Imitating the multinodal structures of plants and arthropods, precisely engineered multisegment nanostructures demonstrate enhanced synergistic properties and exceptional functionalities that surpass those of individual components. Utilizing micelle assemblies for constructing segments allows for precise structural control but requires management of interactions and assembly from molecular to mesoscopic levels, posing a significant challenge. In this paper, we present a stepwise self-assembly strategy to fabricate multisegment mesoporous silica (mSiO₂) nanobamboos. The nanobamboos are characterized by 16–25 shuttle-shaped mesoporous segments connected end-to-end in line, forming the main chains with an overall length of approximately 0.7–1.0 μm. Each individual segment is composed of 10–13 parallel layers, with an average layer thickness of ∼2.5 nm.
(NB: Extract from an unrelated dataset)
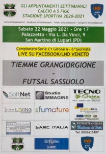 Due giornate al termine della regular season del campionato di Serie C1 e poi saranno playoff. Per la sesta giornata i neroverdi saranno impegnati nella delicata trasferta di San Martino di Lupari, nel padovano, contro il Tiemme Grangiorgione. Al momento i veneti occupano il secondo posto a quota 12 punti, il Futsal Sassuolo è subito sotto a due punti di differenza. Sarà quindi uno scontro importante ai fini della zona alta della classifica, un vero e proprio scontro diretto, seconda contro terza. Puoi seguire la partita in diretta Facebook sulla pagina LND Veneto

The formation of this multisegment mesoporous nanobamboos, as proven by in situ testing, is initiated by the formation of shuttle-shaped segments from small bilayer micelle units, which then further assemble to form the nanobamboo. This stepwise self-assembly can be regulated from a kinetic perspective, thereby obtaining multisegment mesoporous nanostructures with varying lengths and branched morphologies. Due to multiple segments along with multilayer mesostructures, the nanobamboos can significantly restrict gas flow, resulting in a very low thermal conductivity (∼41.67 mW·m^–1·K^–1). By blending the multisegment mSiO₂ nanobamboos with cellulose nanofibers, mechanically stable, lightweight, and porous aerogels with an ultralow thermal conductivity (∼19.85 mW·m^–1·K^–1) can be obtained, verifying their potential in thermal insulation devices. The fabrication of this multisegment mesoporous nanobamboos enhances our understanding of micro-to-nanoscale assembling, establishing a foundation for precise control of complex structures.